The Civil Right Not To Be Offended

(With thanks to Damien, not the attorney Damien, for the video and the article below)

Please watch the video. Then read the article below the fold.


Confirmation of what the above fellow is saying, the article, dated June 7, 2011:
Post A Picture That 'Causes Emotional Distress' And You Could Face Jailtime In Tennessee

from the outlawing-jerks? dept

Over the last few years, we've seen a troubling trend in various state laws which attempt to come up with ways to outlaw being a jerk online. Many of these are based on politicians and/or the public taking an emotional reaction to something bad happening after some does something online that angered someone else. Of course, while it would be nice if jerks would go away or jerky behavior would cease, that's just not realistic. The real issue is: how can it be constitutional to outlaw being a jerk? In many cases it raises serious First Amendment issues, among other things. The latest to jump into this game is the state of Tennessee...[wanting] to put people in jail for "causing emotional distress" to others.

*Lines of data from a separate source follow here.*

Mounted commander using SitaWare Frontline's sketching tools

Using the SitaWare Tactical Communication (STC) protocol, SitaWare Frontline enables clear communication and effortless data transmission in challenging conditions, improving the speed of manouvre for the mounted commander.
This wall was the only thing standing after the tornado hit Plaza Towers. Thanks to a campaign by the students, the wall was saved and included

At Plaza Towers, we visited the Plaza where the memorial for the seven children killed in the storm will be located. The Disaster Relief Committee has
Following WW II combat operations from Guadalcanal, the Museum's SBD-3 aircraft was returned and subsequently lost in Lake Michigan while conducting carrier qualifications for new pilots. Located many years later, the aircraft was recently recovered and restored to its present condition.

The specific law outlaws posting a photo online that causes "emotional distress" to someone and has no "legitimate purpose." While the law does state that there needs to be "malicious intent," it also includes a massive loophole, in that it says that you can still be liable if the person "reasonably should know" that the actions would "frighten, intimidate or cause emotional distress." Eugene Volokh notes all sorts of problems with this:
1. If you’re posting a picture of someone in an embarrassing situation — not at all limited to, say, sexually themed pictures or illegally taken pictures — you’re likely a criminal unless the prosecutor, judge, or jury concludes that you had a “legitimate purpose.”

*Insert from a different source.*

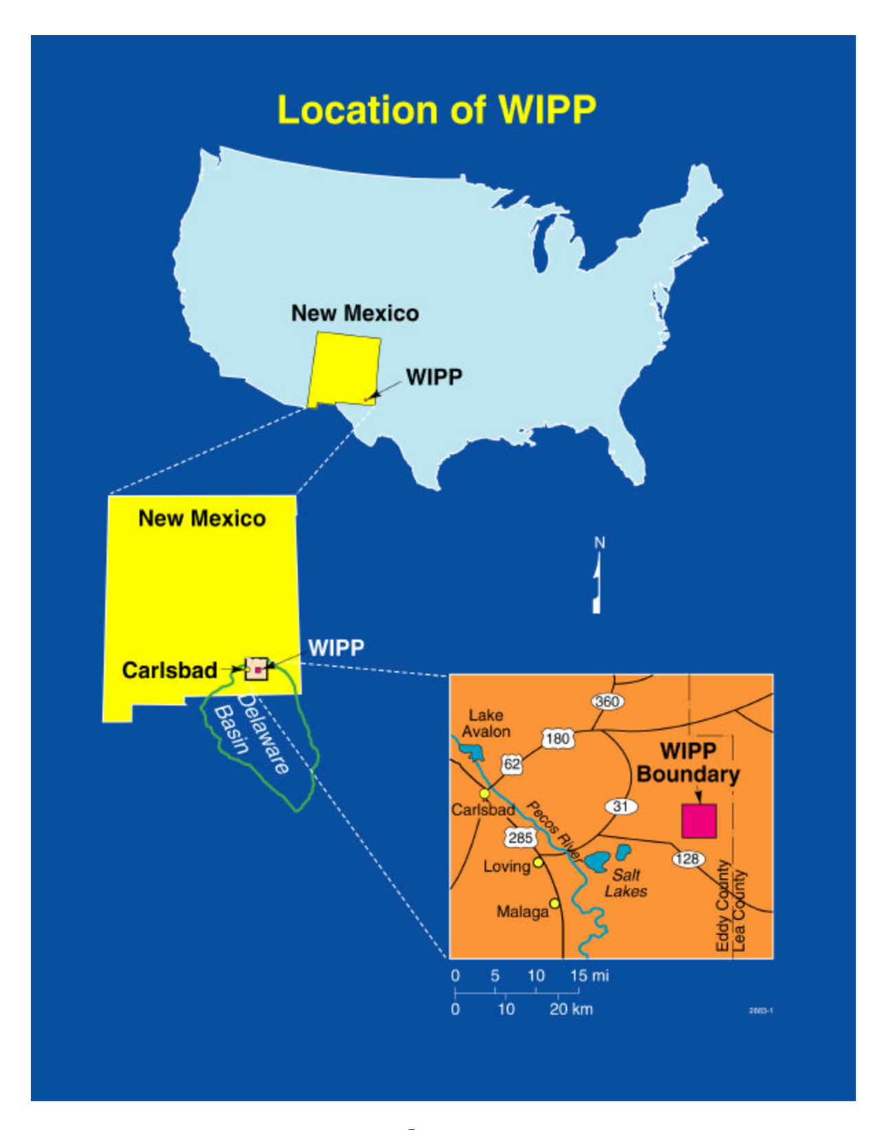
Figure 2-1 - WIPP Controlled Area

2. Likewise, if you post an image intended to distress some religious, political, ethnic, racial, etc. group, you too can be sent to jail if governments decisionmaker thinks your purpose wasn’t “legitimate.” Nothing in the law requires that the picture be of the “victim,” only that it be distressing to the “victim.”

3. The same is true even if you didn’t intend to distress those people, but reasonably should have known that the material — say, pictures of Mohammed, or blasphemous jokes about Jesus Christ, or harsh cartoon insults of some political group — would “cause emotional distress to a similarly situated person of reasonable sensibilities.”

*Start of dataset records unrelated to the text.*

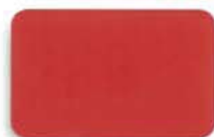
● e.red **WG 9002
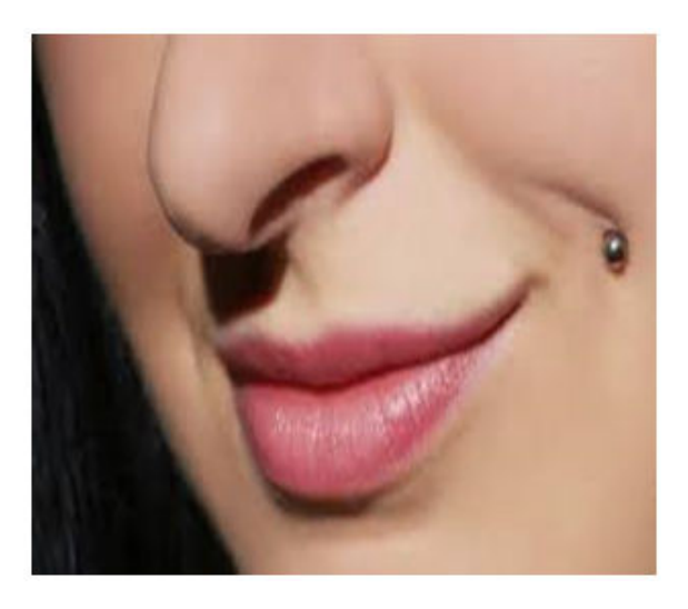
Figure 13: Cheek piercing.
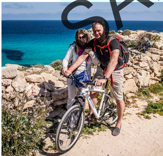
Favignana Bike Ride

4. And of course the same would apply if a newspaper or TV station posts embarrassing pictures or blasphemous images on its site.
Honestly, any time you have a law where the liability is based on how some other person feels, you've got a pretty serious problem. You can criminalize actions, but making someone a criminal because someone else feels "emotional distress" seems like a huge stretch.
For a moment, forget the blasphemy issue.

Think about this:
[I]f you post an image intended to distress some...political...group, you too can be sent to jail...
Does that statement apply to political parties? Is it really possible that posting an image offensive to political parties could land someone in jail?

Whatever happened to the tradition of Thomas Nast? In addition to creating images satirizing politics, he created the image of Uncle Sam as well as the Republican Party elephant and the Democratic Party donkey.

Read more about Nast's notable works HERE and his accomplishments HERE, particularly Nast's contribution to the downfall of Boss Tweed, the leader of the corrupt Tammany Hall.

Furthermore, wouldn't Nast's John Chinaman be considered offensive in today's climate of political correctness? See that image below:


Should we now ban the online image of John Chinaman?

With regard to codifying the civil right not to be offended, what about printed words that offend a given group? Should those words, if offensive to a particular group, be forbidden and even prosecutable?

THIS is but one of many examples indicating that being offended is in the eye of the beholder. Obviously, the teacher's being offended was a personal and political choice.

If we codify a civil right not to be offended, we will reach the point that everything we say, write, or post has to be weighed against whether or not somebody else might be offended. At that point, communication will cease.

Reminder about Everybody Draw Mohammed Day: "Molly Norris, Artist Behind 'Everybody Draw Mohammed Day' Cartoon, Goes Into Hiding"

28 comments:

  1. Couldn't we Conservatives use this law to our advantage?

    Liberals post things all the time that offend me. If people can be arrested for offending people, let's turn Ducky in!

    Then, I suppose, under this new law, he could, in turn, have me arrested for this comment.

    And so on.

    In posted a similar blog piece a couple of years ago, except I was referring to the Constitutional right to be stupid. Which also protects Ducky and his Liberal buddies.

    ReplyDelete
  2. Addendum:

    This
    is the first of several posts I made about the right to be stupid.

    ReplyDelete
  3. I don't live in Tennessee. I avoid southern cesspools. Now go turn me in.

    It would be better if there were a post pointing to the actual bill rather than a video of some cracker's (turn me in) interpretation.

    Now go be little children and get ready for "draw Muhammad Day".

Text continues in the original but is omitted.